Saat aula berguncang hebat, lapisan-lapisan batu, beton, baja, dan tanah yang kokoh di atas mereka tiba-tiba menjadi tembus cahaya. Dalam kejernihan yang tiba-tiba ini, mereka bisa melihat lapisan demi lapisan bangunan di atas!
Sistem drainase, jaringan pipa listrik, sistem pengiriman uap, kereta bawah tanah, dan di baliknya, pegunungan, jalan, gedung, gereja… semuanya milik Frost! Melalui lapisan-lapisan yang padat, ia dapat melihat Frost sebagaimana adanya. Ia melihat sebuah kota yang diselimuti kabut tebal, dikepung oleh monster-monster yang tak terhitung jumlahnya yang melancarkan serangan tanpa henti dari balik kabut tersebut. Para penjaga dan pembela kota terkunci dalam pertempuran sengit melawan monster-monster yang menyerbu, kegelapan yang nyata merayapi kota, dan ketakutan menyebar di setiap sudut dan celah…
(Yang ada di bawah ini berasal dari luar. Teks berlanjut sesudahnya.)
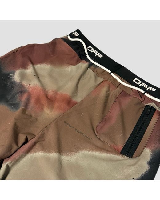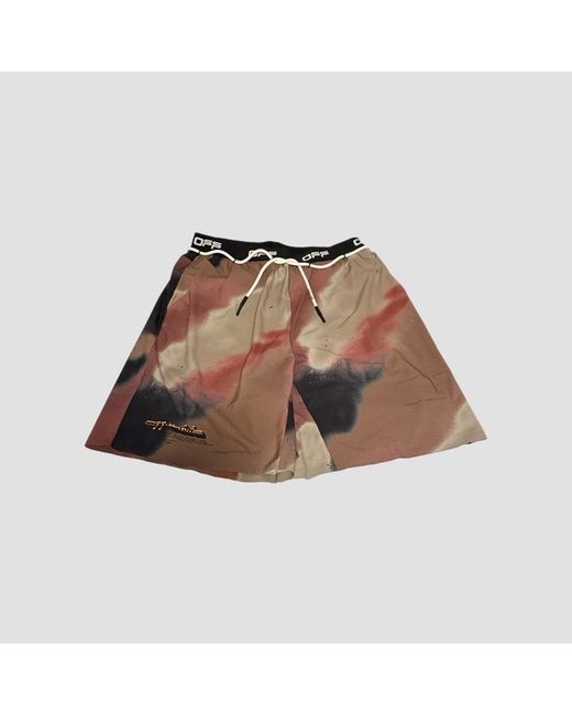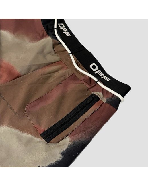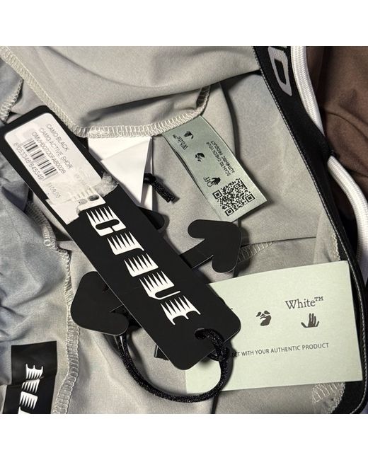 Off-White Active Shorts Camo Featuring ‘OFF’ spell out to waistband & lace tie up design in classic Off-White style. From the athletic ‘Active’ range. • RRP £160. • Full camo. • Branded logo print design to both the front & back. • 3M Reflective detailing. • Side slip pockets & back zip pocket. • Elasticated waistband. • Size Large. • Brand new with tags. MEASUREMENTS Waist - 30-35” Length down the side - 21”
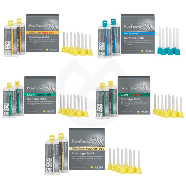 El nuevo Provil Novo convence por su calidad claramente mejorada y una banda de indicaciones ampliada. Los componentes Provil Novo establecen así estándares nuevos y satisfacen todas las exigencias en lo referente a individualidad y diversidad en los campos de indicación. En este sentido la configuración modular de las viscosidades de Provil Novo, formuladas para combinarse de forma ideal, garantiza la aplicación óptima para todo tipo de situaciones y técnicas de impresión en clínica. Suplementariamente, la posibilidad de elegir entre las opciones de fraguado rápido y fraguado normal ofrece la máxima flexibilidad en los tiempos.
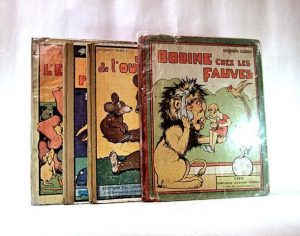 Soit trois autres volumes en cartonnages illustrés, en très mauvais états, crayonnage intensif, pages déchirées, voire manquantes sur un des volumes.
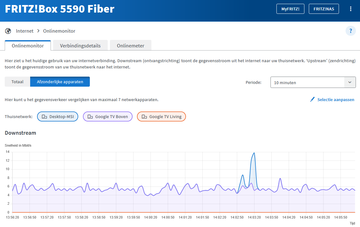 Ik keek gisteren van 22:00 tot 23:55 uur TV via VRT Max streaming op de TV.philippe_d schreef: 25 mei 2025, 14:33 streaming via VRT Max: schommelt rond de 5.5 Mbps, maar je moet ook de upload meetellen (continu 200 kbps), neem dus ca 6 Mbps = 21.6 Gb per uur of 2.7 GB
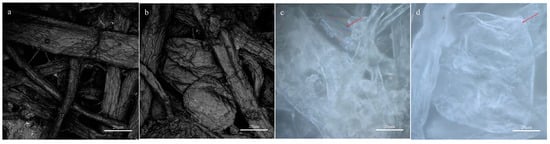 A 3D measurement laser microscope characterizes the internal morphology of the paper. Figure 9a,b are laser images of paper: (a) is the surface of unreinforced paper fiber, which shows that there are many fine chapped lines on the fiber surface; (b) is the surface of reinforced paper fiber, and it can be observed that the fiber surface becomes smooth and has no chapped lines, which shows that the fiber surface is covered with a layer of acrylic polyurethane film. In addition, the original loose mesh structure is still maintained among the fibers, and the inherent texture of the paper can be preserved; (c) and (d) are color images of the 3D measurement laser microscope; (c) shows that colored resin cross-linked parts can be observed between fibers; and (d) found more oversized resin embedded between fibers. These increase the strength of paper fibers.
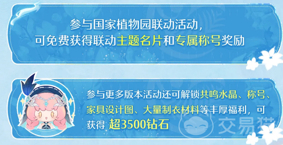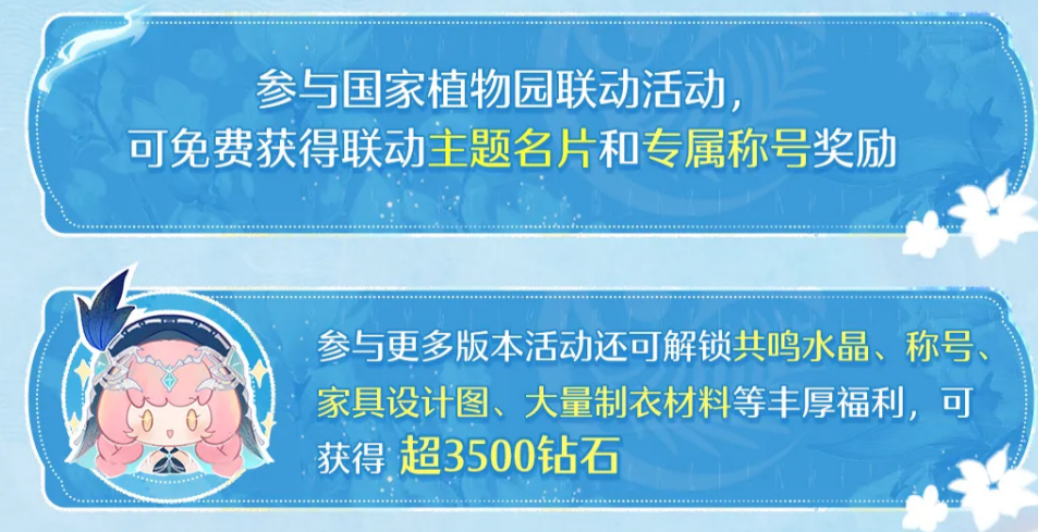 本次更新同步开启与国家植物园的官方联动活动。参与联动任务后,可免费领取专属联动主题名片及限定称号,具备收藏价值。其余常规活动亦提供丰富产出,包括共鸣水晶、个性化称号、家具设计图、各类制衣核心材料等,经综合折算,全部免费资源总价值逾3500钻石。
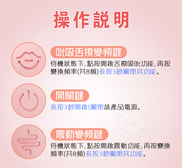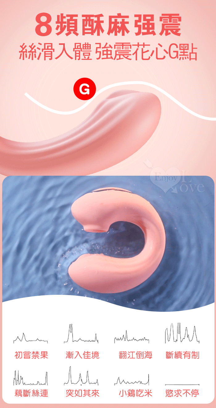 ►您現在的位置:首頁>JIUAI 失控G點棒 強震款 ‧ 8X8 強震+吸吮舌撩 雙重體驗穿戴G點按摩器 - 氣氛燈磁吸充電魔盒﹝櫻花粉﹞
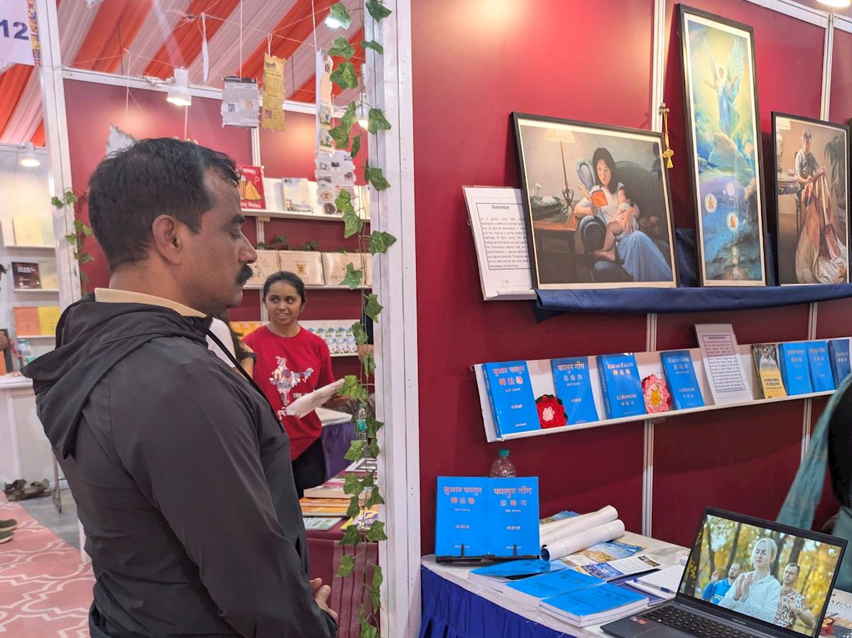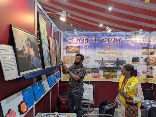 Artist Dr. Gurugovind Ambre, a painter and sculptor, visited the Falun Dafa booth and had a long conversation with practitioners. He said he was very interested in learning more about Falun Dafa and was impressed by the artworks from the Art of Zhen, Shan, Ren International Exhibition. These works, created by Falun Dafa practitioner artists from around the world, aim to showcase the beauty of Falun Dafa and the real-life experiences of practitioners who are persecuted by the Chinese Communist Party (CCP).
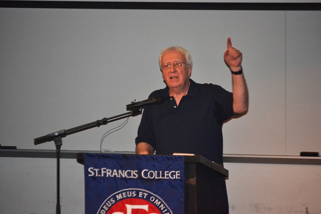 Father André Cirino, OFM, Franciscan author and pilgrimage guide, spoke about the seldom discussed heroics of three men from the city of Assisi – one who helped save the city from destruction and the other two saving the lives of between 250 and 300 Jews from the Holocaust - for the 15th Annual Yom Hashoah Holocaust Remembrance Day event on April 28 at St. Francis College.

“Oh… kurasa kita sedang dalam masalah besar…” Anomaly 077, seperti yang lainnya, menatap ke atas sejenak sebelum bergumam, “Atau mungkin orang-orang di atas sanalah yang benar-benar dalam bahaya…”
Setelah kembali tenang, Lawrence menyadari betul besarnya bencana yang akan datang. Meskipun para pemuja telah dibasmi, ritual pengorbanan terakhir mereka telah berhasil. Kota cermin ini telah memperoleh kehidupannya sendiri dan terus melaju, mengikuti “cetak biru” yang tak diketahui. Jika hal ini terus berlanjut, kota Frost di dunia nyata niscaya akan runtuh!
“Tidak adakah cara untuk menghentikan ini?!” Matanya melebar putus asa saat dia segera berbalik ke arah Agatha, “Kita akan segera bertemu dengan dunia nyata!”
Sebagai tanggapan, Agatha hanya memutar kepalanya dan menatap tajam ke arah Lawrence.
Ia tetap diam, namun suara penuh wibawa yang tenang bergema langsung di benak Lawrence: “Tetaplah tenang. Ini hanyalah sebagian dari solusinya.”
Terkejut sesaat, Lawrence segera mengenali sumber komunikasi mental itu. Otot-ototnya menegang dengan jelas: “Ca… Kapten!”
“Santailah dan bersiaplah untuk apa yang ada di depan.”
Dengan ekspresi bingung, Lawrence hanya bisa menatap.
Sementara itu, di dunia nyata, deru meriam yang tak henti-hentinya bergema di Laut Tanpa Batas saat pasukan angkatan laut Frost dan Armada Kabut yang masih hidup dengan gagah berani mencoba menangkis “hantu” yang terus muncul dari kabut.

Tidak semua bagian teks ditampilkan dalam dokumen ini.